Дочка хозяйкиного брата, известного в свое время политического защитника Жданова [8] . С нею — двое детей. Племянница по фамилии Круковская. Анечка. Сергей Константинович как-то сказал, усмехаясь: «Наследница венгерских королей. Фамилия-то ее Корвин- Круковская». Несмотря на знатное происхождение, имела Анечка лицо никак не венгерское, а вполне отечественное, курносенькое. Казалась она девушкой веселой и простой. Но однажды рассказала, как отравилась толченым стеклом, много его приняла и хоть бы что. «Почему же вы хотели умереть?» — «От счастья. Я так в те дни была счастлива, что хотела умереть». И я до сих пор не понимаю, что это? Я по простоватости, которая на меня иной раз накатывает, понял ее слова буквально, или она ответила на мой дурацкий вопрос насмешливо." Впрочем, помнится, разговор был задушевный и я несколько раз переспросил Анечку. У нее был жених, угрюмый, длинный, с наголо обритым черепом и недобрым взглядом. Или бывший жених. Инженер как будто. Рассказывали, кажется, что он тяжело болел. Твердо помню, что был это человек жестокий. Избил свою охотничью собаку, чуть не до полусмерти, за свою же собственную вину — он недосмотрел и собака сошлась с каким-то беспородным кобелем. Эти углы скрываются как бы во мгле. Угол, из которого возникает в памяти этот угрюмый, наголо обритый, длинный человек с недобрым взглядом, скрывается, как бы во мгле. Тридцать лет и три года пережито с тех пор. И каких! Зато весь ивановский дом стоит передо мной, как будто ушел я оттуда вчера, а предстоит мне идти к ним сегодня вечером. И причиною тому — Наталья Сергеевна. Все мы звали ее по имени отчеству, хотя было ей лет совсем немного — она только что кончила школу и должна была осенью ехать в Москву учиться. Держалась она с достоинством.
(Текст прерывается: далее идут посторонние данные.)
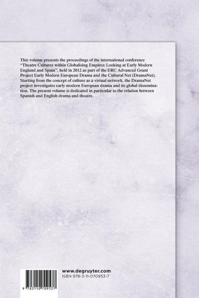 This volume presents the proceedings of the international conference "Theatre Cultures within Globalising Empires: Looking at Early Modern England and Spain", held in 2012 as part of the ERC Advanced Grant Project Early Modern European Drama and the Cultural Net (DramaNet). Implementing the concept of culture as a virtual network, it investigates Early modern European drama and its global dissemination. The 12 articles of the volume - all written by experts in the field teaching in the United Kingdom, the USA, Russia, Switzerland, India and Germany - focus on a selection of English and Spanish dramas from the sixteenth and seventeenth centuries. Analysing and comparing motifs, formal parameters as well as plot structures, they discuss the commonalities and differences of Early modern drama in England and Spain.
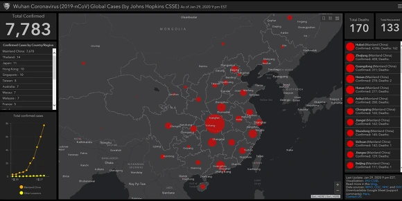 [사진 : 존스홉킨스대 시스템과학공학의 코로나 바이러스맵, 좌측하단 감염자수 급증이 보인다]
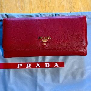 ๐ฏ Authentic Prada Long Wallet Brand New in Red Color with ID & 2 Card Slot
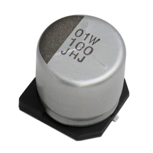 Chemi-Con HHXJ500ARA820MHA0G ອະລູມິນຽມ ໂປລິເມີ ຮິບຣິດ ຄາປາຊິເຕີ 50VDC 82uF Tol 20% 8x10mm AEC-Q200 | EMIN.COM.LA
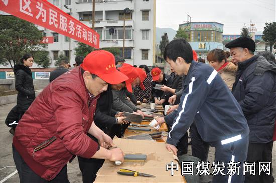 当天上午,来自基层、机关、矿医院和矿区居民的30余名志愿者,他们搬来桌椅、血压仪、体重秤,拿来磨刀石、电剪推、水桶等工具,聚集在矿部广场。他们有的为矿区员工、家属理发,有的磨菜刀、剪刀,有的修理电磁炉等电器和补搪瓷碗、盆,有的量血压、测体重。 志愿者们亲切嘱咐和热情服务,得到了矿区居民的一致好评。
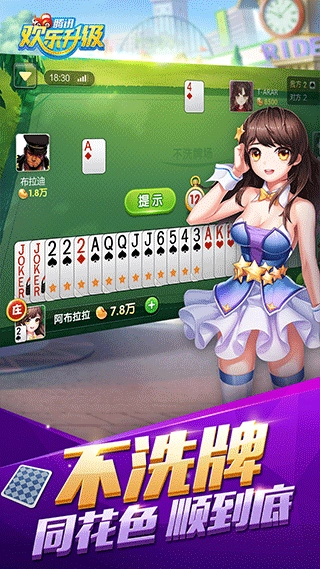 该游戏以四人两两组队的形式展开,通过抢分实现升级目标,基本规则与传统“升级”相似,但更具对抗性和策略性。在保留原有优点的同时,牌数从54张增至108张,取消了底牌压分限制,使牌型变化更加丰富。新增的“对牌”、“拖拉机”等出牌形式以及“双抠翻倍”等规则,极大增强了游戏的趣味性和紧张感。此外,欢乐升级还融合了炒地皮玩法,在反主和反底环节中引入翻倍机制,让比赛过程更刺激精彩。
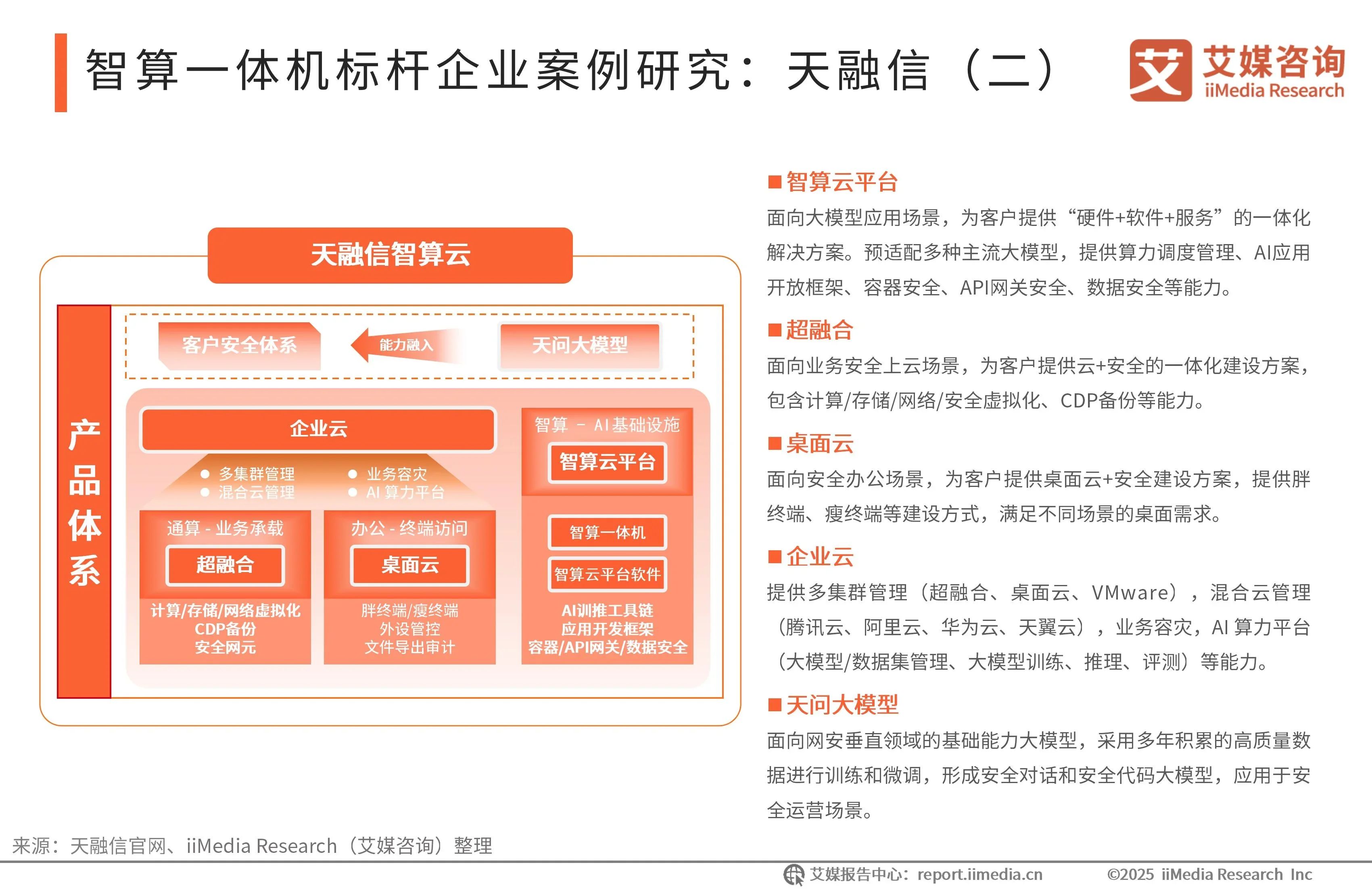 天融信智算一体机基于“AI 算力硬件+天融信智算云平台”,融合智算与安全能力,提供 AI基础设施与开发环境,助力企业快速、安全落地大模型应用。2025年2月,天融信智算一体机首批通过中国软件评测中心(工业和信息化部软件与集成电路促进中心)的大模型一体机能力验证;同年3月,天融信智算一体机入编产学研合作优秀创新成果集。在人工智能与数据安全双重变局下,智算一体机已从技术概念演变为企业数字化转型的“战略级基础设施”。

Не молчаливо, не строго, а с достоинством. Она болтала с нами так же весело, как мы с ней, хорошо рассказывала. Но мы Анечку звали Анечкой, а ее — Наталья Сергеевна. Она внушала уважение, что в женщинах нравилось мне больше всего. Некоторая таинственность ощущалась в ней. И ты понимал — ни от какой, самой большой близости не исчезла бы до конца. Люди другого толка считали эту ее особенность просто- напросто холодноватостью. И решительно ошибались.
[8]
Жданов Владимир Анатольевич (1869—?) — присяжный поверенный, защитник по политическим делам.